The improved unscented Kalman filter decoder proposed in this study is a development of our previous unscented Kalman filter decoder (Li et al., 2009). That filter, which we refer to here as UKF1, used an encoding model with non-linear dependence on kinematic variables which modeled tuning to the speed or velocity magnitude of movements. The UKF1 modeled tuning at multiple temporal offsets, using an n-th order hidden Markov model framework where n taps of kinematics (n = 10 was tested) are held in the state space. Encoding studies by Paninski et al. (2004a,b), Hatsopoulos et al. (2007), Hatsopoulos and Amit (2012) and Saleh et al. (2010) found tuning to position and velocity trajectories, called movement fragments or pathlets. The n-th order framework makes the encoding model of the UKF1 flexible enough to capture such tuning. Even though including taps of position also indirectly includes velocity, explicitly including taps of velocity reduces the amount of non-linearity needed in the neural encoding model, which helps improve the approximation accuracy of the UKF. On the basis of UKF1, we expand the neural encoding model and add decoder engineering improvements developed by ourselves and other groups to make the UKF2.
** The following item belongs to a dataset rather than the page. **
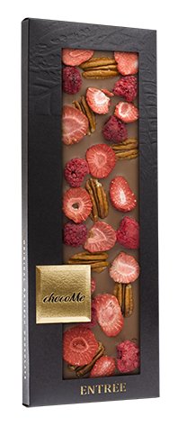 Mléčná čokoláda s pekanovými ořechy, plátky jahod a celými malinami

The ReFIT Kalman filter (Gilja et al., 2012) has demonstrated high communications bit rate by using two advances in decoder engineering. In closed-loop experiments, we compared the UKF2 with the FIT Kalman filter (Fan et al., 2014), which is similar to the ReFIT Kalman filter in using position-as-feedback and intention estimation, but does not have the online re-training component. The bin size in this study, 50 ms, was the same as the Gilja et al. study. Our Fitts's Law bit rate values for the FIT Kalman filter are lower than those reported by Gilja et al. for the ReFIT Kalman filter, likely due to a combination of factors. First, online re-training separates the FIT and ReFIT Kalman filters. In terms of experimental setup, Gilja et al. used video tracking of natural reaching movements, whereas we used a joystick during hand control of the cursor. The use of an unnatural joystick made our task more difficult: the mean movement time during hand control in our task was approximately double those reported by Gilja et al. we used a joystick due to the limitations of our experimental platform and to compare with our previous work (Li et al., 2009). While using the same Fitts's law bit rate measure, our task used circular targets, which have a smaller acceptance area for the same width compared to the square targets of Gilja et al. We used circular targets because they are more natural in terms of determining whether the cursor is within the target by using a distance criterion. We also spike sorted and did not include unsorted or “hash” threshold crossings, whereas Gilja et al. used threshold crossing counts.

Latent Neural State

Models proposed by many previous studies have modeled latent neural states explicitly (Brockwell et al., 2007; Kulkarni and Paninski, 2007; Wu et al., 2009; Lawhern et al., 2010; Macke et al., 2011; Petreska et al., 2011; Aghagolzadeh and Truccolo, 2014, 2016; Deng et al., 2015; Kao et al., 2015; Lakshmanan et al., 2015). In Aghagolzadeh and Truccolo (2014) and Kao et al. (2015), the latent neural state comprises the entirety of the Kalman filter state, and kinematics are decoded from this latent neural state after it is decoded from the spike counts. When modeling latent states like this, some form of unsupervised learning is required to fit the observation model of the filter. The typical approach is Expectation-Maximization applied to linear dynamical systems (Shumway and Stoffer, 1982).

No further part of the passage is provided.